Average Salary in South Africa: Why Context Matters More Than the Number

in Employers, General

Salary conversations in South Africa have become more important, and more complex, for both employers and job seekers. In 2026, understanding the average salary in South Africa is not simply about finding one national number and using it as a benchmark. It is about recognising how pay differs across industries, provinces, skill levels, job types and candidate expectations. For employers, salary insight plays a critical role in attracting, securing and retaining the right people in a competitive labour market. For job seekers, it helps create a more realistic view of earning potential, market-related pay and long-term career growth.

As a Recruitment Agency working closely with both businesses and candidates, Greys Recruitment understands that salary decisions need to be informed by data, but guided by context. This article unpacks what the average salary really means, why it should not be viewed in isolation, and how employers and job seekers can approach salary expectations more strategically.

What is the average salary in South Africa in 2026?

Using the latest official Stats SA Quarterly Employment Statistics as a guide, average monthly earnings in the formal non-agricultural sector were just under R30,000 per month, with the latest available figure sitting at R29,690.

At first glance, that number may appear to answer the question.

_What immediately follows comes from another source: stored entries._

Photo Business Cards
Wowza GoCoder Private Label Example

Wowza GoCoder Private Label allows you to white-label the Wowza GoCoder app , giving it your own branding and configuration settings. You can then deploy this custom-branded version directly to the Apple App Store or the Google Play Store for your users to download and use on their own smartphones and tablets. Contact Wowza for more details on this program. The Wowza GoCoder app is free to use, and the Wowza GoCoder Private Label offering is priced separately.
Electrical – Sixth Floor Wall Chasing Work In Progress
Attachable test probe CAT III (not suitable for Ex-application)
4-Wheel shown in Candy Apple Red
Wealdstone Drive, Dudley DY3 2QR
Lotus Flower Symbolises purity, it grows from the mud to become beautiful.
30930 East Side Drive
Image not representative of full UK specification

However, it needs context.

This is not the same as saying that most South Africans earn close to R30,000 per month. It is an average, which means higher earners can pull the number upward. It also relates to formal non-agricultural employment and should not be treated as a universal measure of every worker, informal earner, unemployed person, freelancer, contractor or household.

It is also not necessarily a take-home salary. Employees often think in terms of what lands in their bank account. Employers often think in terms of cost to company. Recruiters and HR teams may look at basic salary, guaranteed package, benefits, incentives, overtime and allowances. These differences matter.

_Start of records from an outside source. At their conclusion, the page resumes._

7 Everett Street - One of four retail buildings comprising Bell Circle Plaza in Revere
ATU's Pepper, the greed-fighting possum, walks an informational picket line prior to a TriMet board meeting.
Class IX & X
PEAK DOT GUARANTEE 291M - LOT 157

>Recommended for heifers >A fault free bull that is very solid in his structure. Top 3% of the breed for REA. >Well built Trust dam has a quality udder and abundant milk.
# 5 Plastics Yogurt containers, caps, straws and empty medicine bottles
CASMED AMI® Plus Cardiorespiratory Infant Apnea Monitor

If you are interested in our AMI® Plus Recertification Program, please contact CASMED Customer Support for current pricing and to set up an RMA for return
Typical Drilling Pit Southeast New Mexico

A job seeker earning R18,000 per month may look at the average and feel underpaid. In some roles, they may be. In other roles, their salary may be market-related for their level, sector or location. Similarly, an employer offering R25,000 per month may believe they are close to the national average, but for a scarce technical role in a competitive province, that offer may still fall short of candidate expectations.

The average salary in South Africa is therefore best understood as a starting point, not a final answer.

Average salary vs average income in South Africa

Salary and income are often used interchangeably, but they are not the same.

A salary usually refers to earnings from employment. It may be expressed as basic monthly pay, gross pay or total cost to company. Income is broader. Average income in South Africa can include wages, business income, informal earnings, grants, remittances, rental income, investment income and other forms of financial support.

This distinction is important because South African households often rely on more than one source of income. In some households, one person’s salary supports several dependents. In others, income may come from a mix of formal work, temporary work, social grants, small business activity and family support.

This is why salary conversations cannot be separated from affordability. A salary may look competitive on paper, but still feel stretched once transport, food, rent, electricity, school fees, debt repayments and family responsibilities are taken into account.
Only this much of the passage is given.